◆ The data:
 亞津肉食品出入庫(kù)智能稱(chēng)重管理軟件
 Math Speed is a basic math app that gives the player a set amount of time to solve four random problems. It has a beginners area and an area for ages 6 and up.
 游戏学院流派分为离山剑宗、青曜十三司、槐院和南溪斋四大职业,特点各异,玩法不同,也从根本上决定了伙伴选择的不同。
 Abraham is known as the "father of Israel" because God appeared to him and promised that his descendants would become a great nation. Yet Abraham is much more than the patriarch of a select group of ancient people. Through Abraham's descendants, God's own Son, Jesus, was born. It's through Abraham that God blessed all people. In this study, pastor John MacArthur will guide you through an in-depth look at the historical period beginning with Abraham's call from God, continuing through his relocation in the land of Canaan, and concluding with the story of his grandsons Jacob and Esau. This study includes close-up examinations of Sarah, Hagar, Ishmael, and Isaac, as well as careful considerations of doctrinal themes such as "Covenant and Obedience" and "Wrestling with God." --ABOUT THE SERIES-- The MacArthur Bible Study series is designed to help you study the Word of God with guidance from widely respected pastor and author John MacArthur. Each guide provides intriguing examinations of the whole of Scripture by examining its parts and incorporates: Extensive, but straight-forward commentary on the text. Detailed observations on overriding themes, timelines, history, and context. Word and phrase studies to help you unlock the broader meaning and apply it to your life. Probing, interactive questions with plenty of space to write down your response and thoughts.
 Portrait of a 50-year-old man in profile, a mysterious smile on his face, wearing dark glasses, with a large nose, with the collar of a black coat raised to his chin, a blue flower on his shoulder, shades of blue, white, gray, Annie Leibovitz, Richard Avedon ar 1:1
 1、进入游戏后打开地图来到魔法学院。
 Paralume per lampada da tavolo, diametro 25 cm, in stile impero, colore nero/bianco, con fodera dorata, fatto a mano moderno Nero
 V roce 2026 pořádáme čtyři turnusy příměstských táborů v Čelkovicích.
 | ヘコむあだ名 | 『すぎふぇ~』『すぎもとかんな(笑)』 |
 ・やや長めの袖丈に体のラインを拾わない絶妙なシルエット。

◆ Task item:
Please output the complete data exactly.

◆ Result for this task:
 亞津肉食品出入庫(kù)智能稱(chēng)重管理軟件
 Math Speed is a basic math app that gives the player a set amount of time to solve four random problems. It has a beginners area and an area for ages 6 and up.
 游戏学院流派分为离山剑宗、青曜十三司、槐院和南溪斋四大职业,特点各异,玩法不同,也从根本上决定了伙伴选择的不同。
 Abraham is known as the "father of Israel" because God appeared to him and promised that his descendants would become a great nation. Yet Abraham is much more than the patriarch of a select group of ancient people. Through Abraham's descendants, God's own Son, Jesus, was born. It's through Abraham that God blessed all people. In this study, pastor John MacArthur will guide you through an in-depth look at the historical period beginning with Abraham's call from God, continuing through his relocation in the land of Canaan, and concluding with the story of his grandsons Jacob and Esau. This study includes close-up examinations of Sarah, Hagar, Ishmael, and Isaac, as well as careful considerations of doctrinal themes such as "Covenant and Obedience" and "Wrestling with God." --ABOUT THE SERIES-- The MacArthur Bible Study series is designed to help you study the Word of God with guidance from widely respected pastor and author John MacArthur. Each guide provides intriguing examinations of the whole of Scripture by examining its parts and incorporates: Extensive, but straight-forward commentary on the text. Detailed observations on overriding themes, timelines, history, and context. Word and phrase studies to help you unlock the broader meaning and apply it to your life. Probing, interactive questions with plenty of space to write down your response and thoughts.
 Portrait of a 50-year-old man in profile, a mysterious smile on his face, wearing dark glasses, with a large nose, with the collar of a black coat raised to his chin, a blue flower on his shoulder, shades of blue, white, gray, Annie Leibovitz, Richard Avedon ar 1:1
 1、进入游戏后打开地图来到魔法学院。
 Paralume per lampada da tavolo, diametro 25 cm, in stile impero, colore nero/bianco, con fodera dorata, fatto a mano moderno Nero
 V roce 2026 pořádáme čtyři turnusy příměstských táborů v Čelkovicích.
 | ヘコむあだ名 | 『すぎふぇ~』『すぎもとかんな(笑)』 |
 ・やや長めの袖丈に体のラインを拾わない絶妙なシルエット。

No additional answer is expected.